# 900 ton barque



## Shipbuilder (Jun 30, 2005)

Current build - 900-ton barque -


----------



## Shipbuilder (Jun 30, 2005)

I have made a lot more progress, but a bit of a "damp squib" as far as fellow modelmakers are concerned - biggest gripe "no guns!" (Jester)


----------



## makko (Jul 20, 2006)

Fantastic, Bob!

I have to rig the antenna wire on my JU 86 later. I shall give it a go with your tip for stretched copper wire.

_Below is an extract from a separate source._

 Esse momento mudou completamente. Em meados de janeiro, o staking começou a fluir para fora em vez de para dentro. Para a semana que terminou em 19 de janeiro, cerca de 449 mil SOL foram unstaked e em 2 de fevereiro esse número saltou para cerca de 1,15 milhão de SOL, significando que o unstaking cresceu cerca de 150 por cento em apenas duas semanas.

I normally wouldn't bother but it is a prominent feature of the overall profile.

Rgds.
Dave


----------



## Shipbuilder (Jun 30, 2005)

Thanks - It is easy enough with wire - no knots - Bob


----------



## Farmer John (Feb 22, 2012)

I think it looks very elegant and interesting. Those who wish to may make a similar model with Dazzle camouflage if they wish, and some pom-pom clusters, but what you model is much better accurate.


----------



## spongebob (Dec 11, 2007)

In a word, beautiful

Bob


----------



## Shipbuilder (Jun 30, 2005)

Monday, 18th May, 2020
900-ton barque
Today, I fitted the twisted wire edging around the inner base, and put the model on it for a trial view. Everything is looking OK, and the polished base really enhances the model. As it is a fictitious ship, built to the normal specifications of the era (about 1870), I will be calling it Christine, after my wife. I am very pleased with this model, considering the fact that I never meant to complete it beyond the empty hull. It was just intended to be used as a basis for an article on how to make hulls the easy way - no saws or machine tools involved. It was made from thin slices of balsa wood, cut to shape with a scalpel, and then glued together. I then experimented with an easy method of copper plating, and I was so delighted with the result, that I decided to push on and complete the model.
At the moment, I am now almost out of glue, and today the postman did not deliver the order that I placed on the 13th, so I guess I can now take a rest, and maybe tidy up a bit! 
Bob


----------